Section 2.1 gives a basic idea of clustering using a reversible CA. However, any clustering is good if the distance between the elements in any pair of clusters is very large in comparison to that for the elements within a cluster. So, while selecting a reversible CA for the clustering, we need to satisfy that, for the chosen CA, the configurations that belong to the same cycle maintain this minimum distance property while the distance between a pair of configurations from two different cycles is very large. This section describes our method of looking for the CAs which hold this property and gives the final list of candidate CAs suitable for clustering any dataset under the frequency-based encoding method.

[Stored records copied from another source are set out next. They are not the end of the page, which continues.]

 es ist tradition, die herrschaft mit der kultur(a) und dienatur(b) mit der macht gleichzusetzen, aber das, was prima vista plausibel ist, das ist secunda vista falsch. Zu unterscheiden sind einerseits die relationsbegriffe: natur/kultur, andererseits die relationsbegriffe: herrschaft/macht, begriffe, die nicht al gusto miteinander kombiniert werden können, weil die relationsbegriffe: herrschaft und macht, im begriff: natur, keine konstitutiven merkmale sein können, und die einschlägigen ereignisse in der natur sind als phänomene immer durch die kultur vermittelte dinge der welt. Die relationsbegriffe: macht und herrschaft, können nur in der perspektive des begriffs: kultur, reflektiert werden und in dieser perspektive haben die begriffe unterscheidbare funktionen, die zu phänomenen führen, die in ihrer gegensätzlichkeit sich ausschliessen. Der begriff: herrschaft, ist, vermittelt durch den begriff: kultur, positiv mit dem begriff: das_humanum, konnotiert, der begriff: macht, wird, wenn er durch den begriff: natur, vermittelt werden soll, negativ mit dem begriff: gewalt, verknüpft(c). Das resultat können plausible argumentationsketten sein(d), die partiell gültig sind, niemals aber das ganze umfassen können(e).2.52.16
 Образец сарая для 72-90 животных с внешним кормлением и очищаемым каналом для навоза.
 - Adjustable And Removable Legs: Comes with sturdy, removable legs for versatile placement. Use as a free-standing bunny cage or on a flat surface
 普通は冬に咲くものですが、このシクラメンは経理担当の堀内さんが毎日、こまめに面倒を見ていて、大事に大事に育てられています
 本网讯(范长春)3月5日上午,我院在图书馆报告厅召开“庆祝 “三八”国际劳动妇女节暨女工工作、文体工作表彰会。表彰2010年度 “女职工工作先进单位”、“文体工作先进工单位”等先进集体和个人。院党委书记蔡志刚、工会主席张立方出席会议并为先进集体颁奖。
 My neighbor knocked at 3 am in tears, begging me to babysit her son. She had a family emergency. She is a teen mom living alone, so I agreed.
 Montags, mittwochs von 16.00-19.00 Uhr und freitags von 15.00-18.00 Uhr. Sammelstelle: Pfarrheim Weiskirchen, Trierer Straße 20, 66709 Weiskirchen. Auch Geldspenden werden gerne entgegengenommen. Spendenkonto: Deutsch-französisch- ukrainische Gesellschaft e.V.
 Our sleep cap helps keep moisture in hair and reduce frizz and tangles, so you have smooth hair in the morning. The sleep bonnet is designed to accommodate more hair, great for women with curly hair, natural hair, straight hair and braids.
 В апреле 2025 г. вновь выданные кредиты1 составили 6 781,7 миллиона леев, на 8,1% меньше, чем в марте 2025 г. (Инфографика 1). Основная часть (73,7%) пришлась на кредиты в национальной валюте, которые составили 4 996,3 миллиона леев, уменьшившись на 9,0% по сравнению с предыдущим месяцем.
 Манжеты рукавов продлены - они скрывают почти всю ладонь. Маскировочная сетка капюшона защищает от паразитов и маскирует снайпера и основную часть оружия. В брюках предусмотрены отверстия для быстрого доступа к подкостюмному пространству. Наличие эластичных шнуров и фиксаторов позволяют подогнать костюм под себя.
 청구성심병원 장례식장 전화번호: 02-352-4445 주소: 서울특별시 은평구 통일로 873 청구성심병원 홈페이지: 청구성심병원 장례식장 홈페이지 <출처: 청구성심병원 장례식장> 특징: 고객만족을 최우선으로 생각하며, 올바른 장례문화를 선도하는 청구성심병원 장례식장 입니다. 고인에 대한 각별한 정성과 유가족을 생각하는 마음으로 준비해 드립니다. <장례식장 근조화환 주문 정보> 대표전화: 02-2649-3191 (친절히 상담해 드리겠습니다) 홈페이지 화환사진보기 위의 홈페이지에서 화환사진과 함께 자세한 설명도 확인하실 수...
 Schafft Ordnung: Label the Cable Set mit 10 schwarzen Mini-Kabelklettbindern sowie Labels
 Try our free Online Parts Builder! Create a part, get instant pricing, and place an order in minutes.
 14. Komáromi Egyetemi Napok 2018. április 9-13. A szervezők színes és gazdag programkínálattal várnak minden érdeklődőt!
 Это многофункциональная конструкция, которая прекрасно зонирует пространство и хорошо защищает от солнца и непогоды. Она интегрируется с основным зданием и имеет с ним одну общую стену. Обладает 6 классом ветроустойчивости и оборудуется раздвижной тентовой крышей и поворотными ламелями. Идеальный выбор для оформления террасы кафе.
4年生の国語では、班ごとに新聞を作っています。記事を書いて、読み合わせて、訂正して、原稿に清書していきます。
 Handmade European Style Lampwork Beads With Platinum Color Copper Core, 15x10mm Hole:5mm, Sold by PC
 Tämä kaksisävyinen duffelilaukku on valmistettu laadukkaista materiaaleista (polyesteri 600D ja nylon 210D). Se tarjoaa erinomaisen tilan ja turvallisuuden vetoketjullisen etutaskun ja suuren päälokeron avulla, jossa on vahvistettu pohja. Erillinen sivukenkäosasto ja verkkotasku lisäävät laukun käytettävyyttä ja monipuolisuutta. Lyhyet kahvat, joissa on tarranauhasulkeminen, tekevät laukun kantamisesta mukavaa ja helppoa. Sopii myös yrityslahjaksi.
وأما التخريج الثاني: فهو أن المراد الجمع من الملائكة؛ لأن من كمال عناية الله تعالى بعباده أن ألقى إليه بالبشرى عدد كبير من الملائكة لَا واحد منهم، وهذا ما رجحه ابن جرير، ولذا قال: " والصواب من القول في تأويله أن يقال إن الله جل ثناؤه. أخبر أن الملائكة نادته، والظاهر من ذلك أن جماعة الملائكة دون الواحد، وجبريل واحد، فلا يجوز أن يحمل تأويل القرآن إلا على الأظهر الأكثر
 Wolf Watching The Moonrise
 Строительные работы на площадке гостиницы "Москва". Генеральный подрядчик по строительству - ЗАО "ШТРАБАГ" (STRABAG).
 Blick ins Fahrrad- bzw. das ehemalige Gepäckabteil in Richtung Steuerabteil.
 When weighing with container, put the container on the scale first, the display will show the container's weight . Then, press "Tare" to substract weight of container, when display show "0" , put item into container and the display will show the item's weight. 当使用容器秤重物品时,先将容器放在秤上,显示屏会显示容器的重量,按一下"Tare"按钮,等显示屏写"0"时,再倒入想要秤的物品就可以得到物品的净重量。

3.1 Filtering based on Information Propagation

For $2$ -state $5$ -neighborhood CAs under null boundary condition, there are a total of $226$ rules which are reversible for some $n\in\mathbb{N}$ [15]. Among these CAs, our first criterion is to filter out the CAs having a strict locality property. This indicates that, for these CAs, at the time of evolution, there is not much change in the states of the cells while hopping from one configuration to the next. This can happen when there is less amount of information propagation from one configuration to the next. Also, the rule needs to have a high rate of self-replication, that is, for the rule, there are many RMTs ( $x_{i-2}x_{i-1}x_{i}x_{i+1}x_{i+2}$ ), for which the next state is the state of the cell itself, that is, $\mathcal{R}(x_{i-2},x_{i-1},x_{i},x_{i+1},x_{i+2})=x_{i}$ . Here, $x_{i}$ denotes the state of the $i^{th}$ cell. When the configuration contains a cell with such a neighborhood combination, the rule keeps the state of the cell unchanged. Because of these, the configurations that are similar belong to the same cycle.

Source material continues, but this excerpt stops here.